Tuesday, December 29, 2009

Dumped



“He just dumped me.”

I choked on the piece of bread I was eating and looked up at my friend. 

“What?” I asked.

She burst into tears and starting wailing loudly. People in the restaurant turned to stare at us. I automatically shifted into the sympathy mode, patting her shoulder and silently passing her a tissue, while wishing the old man at the next table would stop peering at us through his thick glasses and mind his own business. I signaled the waiter for a large scoop of chocolate ice cream. 

She blew her nose and looked at me through red eyes. 


“But why? I thought you guys had stopped fighting?” I enquired, infusing enough concern and anger in my voice as was expected of me. 

“He says he wants someone who is more practical and less emotional. What the hell does he mean by that? Am I the kind of person who makes a scene?” she screamed.
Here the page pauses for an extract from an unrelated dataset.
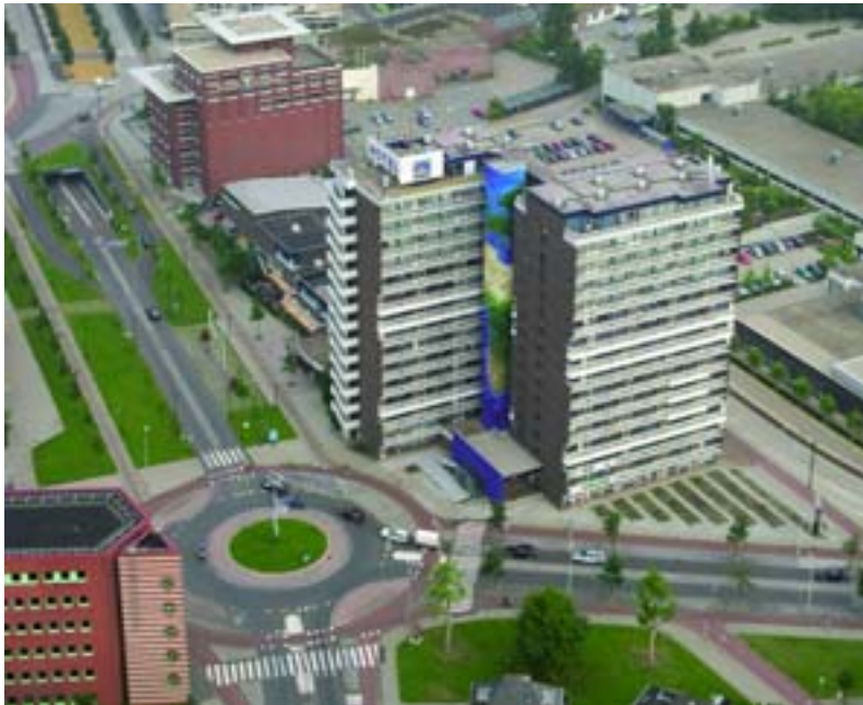
.....now the ITC International Hotel

Many things have changed over the last 55 years, but what will never change is our goal: to create warm, clean and pleasant surroundings for our students, where they can eat, sleep, study and socialise - and, most important, feel at home, away from home .

I declined to point out that the whole restaurant was now staring at us avidly, more Interested in her drama than the menu. Choosing the lesser of the two evils, I hid my embarrassment and nodded my head in agreement; assuring her that she wasn’t emotional and that he was a jerk and that he didn’t deserve her. Fifteen minutes of who-needs-men and men-are-bastards and five hundred calories later, she calmed down enough to bring her voice down a notch. I mentally added another to her list of failed relationships, which was now at a staggering seven. 
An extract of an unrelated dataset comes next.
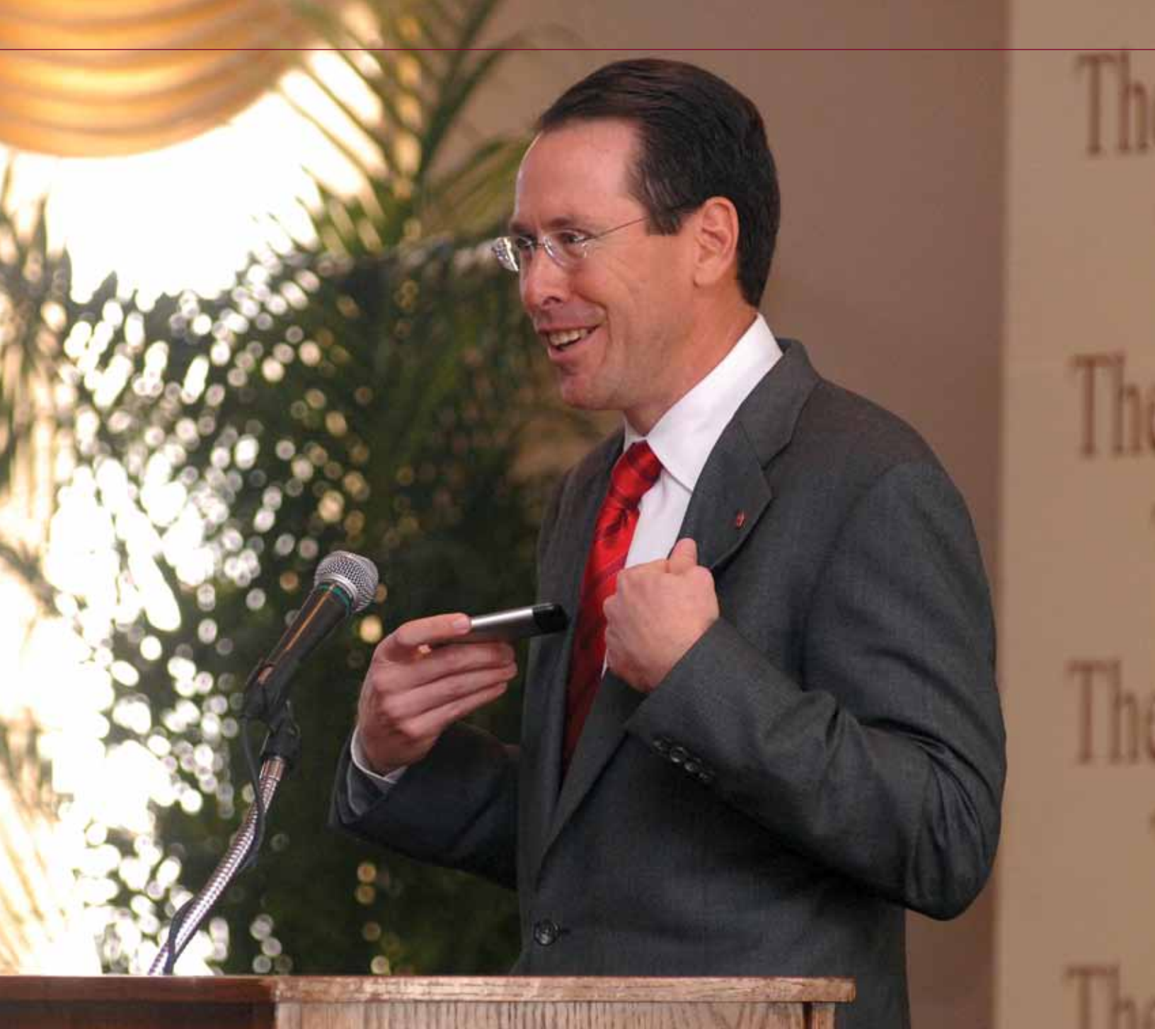
Randall Stephenson speaks to a large audience in Oklahoma Memorial Union during a visit to Price College in February 2008.

before. His focus on mobility and broadband access to the Internet has led AT&T to become a pioneer in wireless smartphones, wireless data and global business solutions. Over just the past two years, AT&T added more than 18 million wireless subscribers to reach more than 90 million. That growth came with rapid adoption of smartphones and data-capable wireless devices like the Apple iPhone, for which AT&T has exclusive U.S. service rights.

I’ve known her since my school days and despite our many differences, we’ve always remained good friends. We tended to balance each other-she was dumb, I was smart (which is another way of saying I was a nerd); she was the ‘hot chick’ while I was the kind who is usually invisible to guys till exam time. Still we managed to remain friends through our school and college lives.

“Remember when I had my first break-up?” she asked. We were only fourteen then, at a time when we were just discovering new body parts, and the idea of having a boyfriend was nothing more than owning a shiny new doll, and something inspired by chick flicks we watched on weekends. The word ‘dumping’ meant nothing more than a few tears and was soon forgotten over a large tub of icecream. As we grew older, the size of the tub grew proportionally smaller and was accompanied by increasingly expensive shopping sprees.

“Why do these things happen to me?” she said, looking up at the ceiling, as if all the Gods had specifically chosen to trouble her alone. I could have told her that she’d brought it onto herself but then she’d never listened to me. She could never stay single longer than a few months. I could not understand what she saw in the men she went out with, when it was plain to everyone else that they didn’t care for her more than they cared for their cars, and that they wanted only one thing from her.

“That’s not true. It’s not just about sex. I care about them and they care about me too,” she said, when I told her quite bluntly. I rolled my eyes. 

“This is men we are talking about. Words like ‘care’, ‘PMS’ and ‘commitment’ don’t figure in their dictionary,” I said. She looked at me and burst into tears again. I threw up my hands and fell back in my chair in frustration. 
Ok, I admit I didn’t have the guts to tell her to her face that she was being silly and immature and that she needed to get a grip. That was just me. If I had a house of my own, the name plate would probably read D-O-O-R-M-A-T. 

It took me another half an hour of male-bashing and another large scoop of ice cream to make her stop crying. By the time the bill arrived, she was calm enough to stop blowing her nose and even offered to pay the bill, which I gladly let her do, taking it as my fee for being her sounding board and counselor. For the seventh time. In my own foolish way, I felt nice for having helped her by being such a good friend and being so sympathetic.

We had just walked out of the restaurant when I remembered I’d left my car keys inside. I went back to get them. When I came out, she was standing there, talking to a guy. There was no trace of tears in her eyes and she was giving an ‘I’m-available’ pose- with one hand on her hip, her head slightly tilted and a sly smile on her face. He murmured something to her to which she gave a well-practiced husky laugh, and said, “Don’t be silly. I’m not that pretty!”

She turned to look at me and beamed as if the past one hour hadn’t happened at all. “He’s so cute, isn’t he?” she came up and whispered to me. Ignoring my stare, she said, “He’s just asked me if I could join him for a drive along the beach and I’ve said yes. What do you think?”

I looked from him to her and slapped myself three times. I walked to my car, shut the door and drove away, without looking back.